Calamities of Genius.

The lives of men of genius are often a record of persecutions, misery and poverty. Whenever we turn in the history of those whose thought have enlightened and cultivated the minds of their fellow beings, we find that gloom and shadow have too often been their inseparable companions, haunting them, and casting a blight on their paths.

The most successful literary men are frequently those who have suffered most. Here and there we meet with one whose life has been unchequered by adversity; but such instances are rare, and are generally among those who have not been dependent on literary labor for support.
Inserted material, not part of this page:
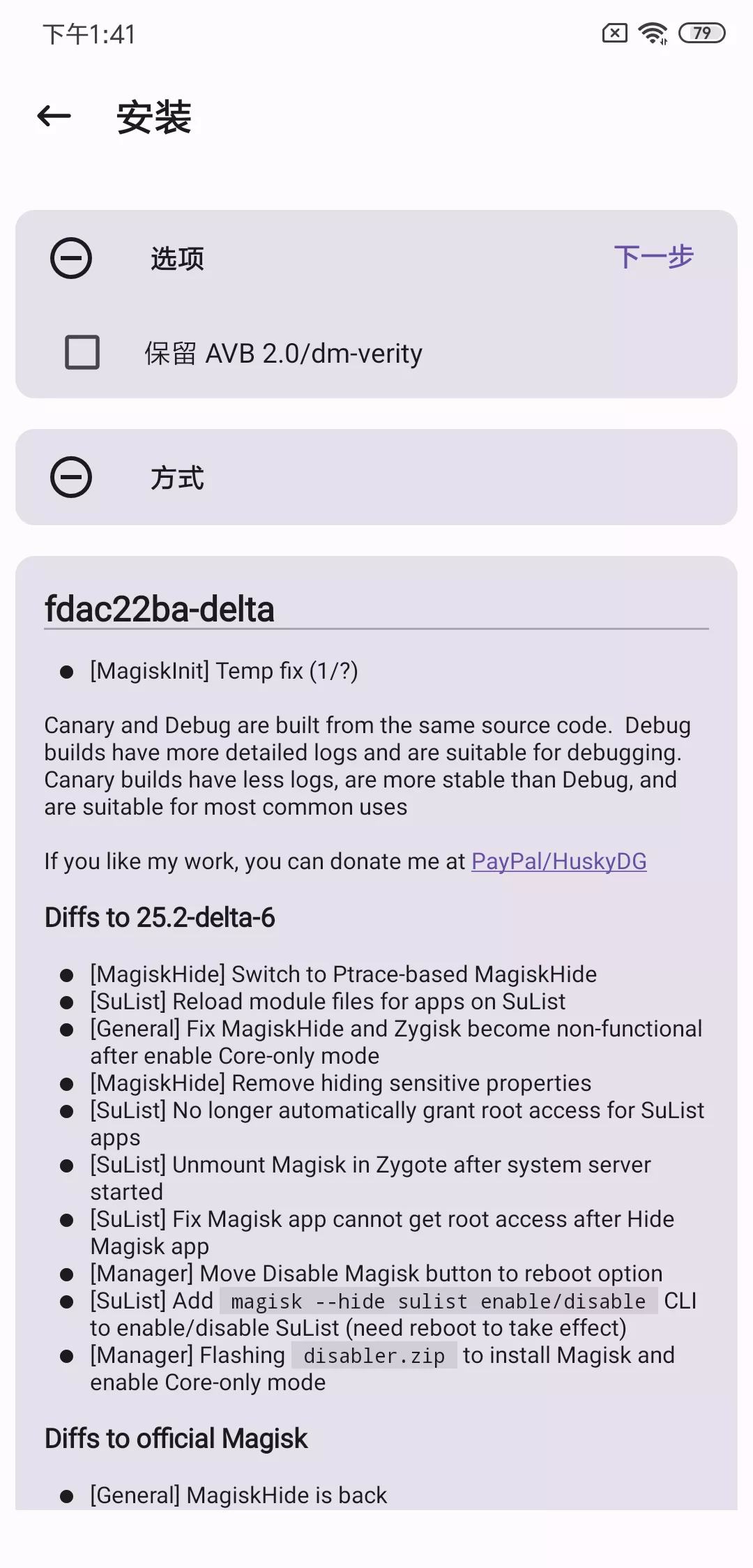 安装Magisk Delta,这是Magisk的一个好用的第三方分支

Even Pope, the most successful author of his age, was not exempted from the misfortunes of his profession, a and he thus writes in the preface of his works:

“I believe if any one, early in his life, should contemplate the dangerous fate of authors, he would scarce be of their number on any consideration.” And Byron, in conversation with Lady Blessington, in speaking of his daughter, said, “I am told that she is clever — I hope not; and, above all, I hope she is not poetical; the price paid for such advantages, if advantages they be, is such as to make me pray that my child may escape them.” What a confession, emanating from the lips of a child of genius and fortune!
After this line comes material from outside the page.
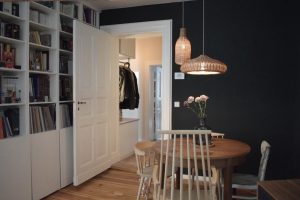 -This sweet apartment located in a quiet “Hinterhof” far from the traffic of the City is a little ‘Oase’ for a family of four. The electricity system dating from the GDR-time was still in aluminium so all the systems has to be redone and with this all the walls and rooms were touched. We played with the textures and the colors of the surfaces such as bricks, deep greens, terracota tile colors or pastel blue… We developed this colorful sweet palette through discussions with the clients, affirming their universe while confirming the wish of making the ‘Altbau’-feeling more present.
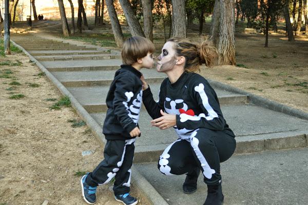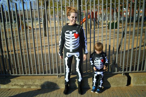 Estos carnavales quería ir igual que mi hijo disfrazado como el año pasado (fuimos de demonios), e intenté que fuéramos de algo cuqui como cupidos, nubes, yo que sé, le di mil propuestas.... y nada le hizo cambiar de opinión, el quería ir de esqueleto, si o si, para tener tres años es un cabezota.

The great Cervantes — whose inimitable “Don Quixote” has found its way into almost every home, which has been translated into all languages, and proved the fortune of many a bookseller — is said to have died of hunger. It is barely to be credited, but he is not the only great mind which has succumbed before the horrors of poverty and has yielded to starvation. Thomas Otway, one of England’s most illustrious dramatists, and the author of “The Orphan” and “Venice Preserved,” he whose talents in scenes of passionate affection, in the language of Sir Walter Scott, “rival at least, and sometimes excel those of Shakespeare,” died from the effects of suffocation, caused by his hastily swallowing, after a long fast, a piece of bread, which charity had supplied. Johnson, in his “Lives of the Poets,” thus describes the unfortunate event: “He (Otway) went out almost naked, in the rage of hunger, and finding a gentleman in a neighboring coffee house, asked him for a shilling. The gentleman gave him a guinea, and Otway, going away bought a roll, and was choked at the first mouthful.

America has produced one great genius whose calamities deserve mention in this list; one who, though to a great extent the author of his own sufferings, deserves our warmest sympathy. We refer to the immortal writer of “The Raven,” of “Ligeia,” and of “Morella” — Edgar A. Poe. Bred in opulence, enjoying advantages in his youth possessed by few, he was fated to pass through a maturity illumined by scarcely a ray of sunshine. Darkness and gloom enshrouded his path, converting the high and noble mind into the cynical and bitter antagonist of his more successful contemporaries.

In that nobly-written vindication and analysis of Poe’s character, entitled “Edgar Poe and His Critics,” Mrs. Whitman says: “Nothing so solitary, nothing so hopeless, nothing so desolate as his spirit in its darker moods has been instanced in the literary history of the nineteenth century.” She might well have added, in the whole history of literature. Mr. Griswold, in his “Memoir” of the poet, thus describes the appearance of Poe on the occasion of his calling on a committee to receive the award for a prize essay which he had written: “Thin and pale even to ghastliness, his whole appearance indicated sickness and the utmost destitution. A well-worm frock coat concealed the absence of a shirt, and imperfect boots disclosed the want of hose.”

Chatterton, “the marvellous boy,” regarding whom the learned antiquaries, Dr. Mills, Herbert Croft, and Dr. Knox have disputed whether as a poet he should be placed after Shakespeare or Dryden, committed suicide in his eighteenth year, driven to desperation by his poverty.

At the inquest held by the coroner on his body, Edwin Cross, an apothecary, stated as follows: “I often asked him to take a meal with us, but he was so pround, that I could never but once prevail on him, though I knew he was starting.”

Dryden died in a garret, in an obscure corner of London; and Spencer died forsaken and in want. Butler, author of “Hudibras,” lived in penury, and died poor; and the great, the illustrious Bacon, lived a life of meanness and distress.

Boyle, in his authoritative “Historical and Critical Dictionary,” quotes the following from a letter by James Howell, an English political and historical writer and poet: “Lord Bacon died so poor that he scarce left money enough to bury him.”